今度はスズメどころではない。中国の古い由緒ある寺院や建物が徹底的に破壊された。また、文化人や伝統的な儒教などの思想家は徹底的な迫害を受けた。文化人たちは、自分のむすこくらいの子たちに、三角の帽子をかぶらさせられ、市中を引き回されたのだ。
 少年宮の少年たちが、“批孔批林”といって、孔子の肖像に向かって、ボールや石を投げて遊んだのもこの時だ。
 文化大革命の時は、ついに100万人の犠牲者(一説には1千万人)を出したと言われている。

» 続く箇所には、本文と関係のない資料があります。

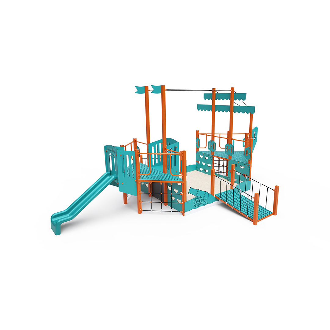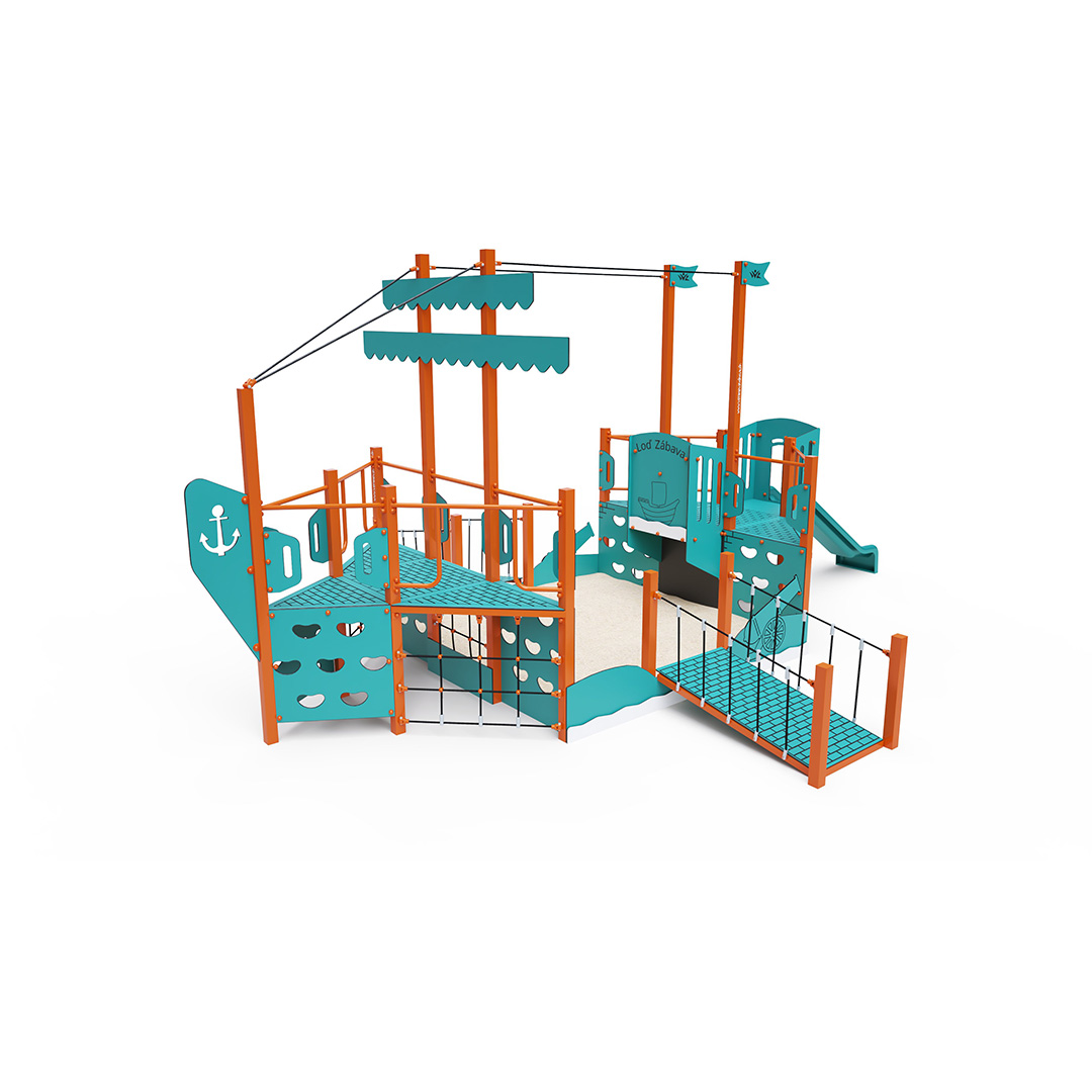 und zum gemeinsamen Spielen zu animieren. Kinder können an den Kletterwänden oder Seilen hochklettern und die Rutsche hinuntersausen. In der Mitte befindet sich ein 3 x 3 m großer Sandkasten, der dank Plattformen an beiden Wänden leicht zugänglich ist. Ergänzt wird das Set durch einen Mast mit Segeln und Flaggen, eine Kapitänsbrücke mit Ruder, ein Zeichenbrett und einen Bug mit Anker.

 人は、なぜかくも、いったん憎みだすと際限もなしに相手をいたぶるものなのだろう。ハエやネズミやスズメは文化人ではない。文化人は時に社会に仇をなすこともある。ハエやネズミやスズメは、世に対して何の反抗も抵抗もするわけでもない。彼らの不穏な行動など見たこともない。それなのに、「フクロウがカラスに毎日追いかけられるから夜活動する」ように、いつまでもいつまでも追いかけられなければならないから、彼らに安息の時はない。
 我々は、“文化大革命”という貴重な教訓を得ている。この辺でネズミやハエやスズメを追いかけるのはやめようではないか。それが、ものの本質を過たず判断し行動することのできる根本になるからである。
 たかがネズミ、たかがスズメの中に、我々が生きる指針はある。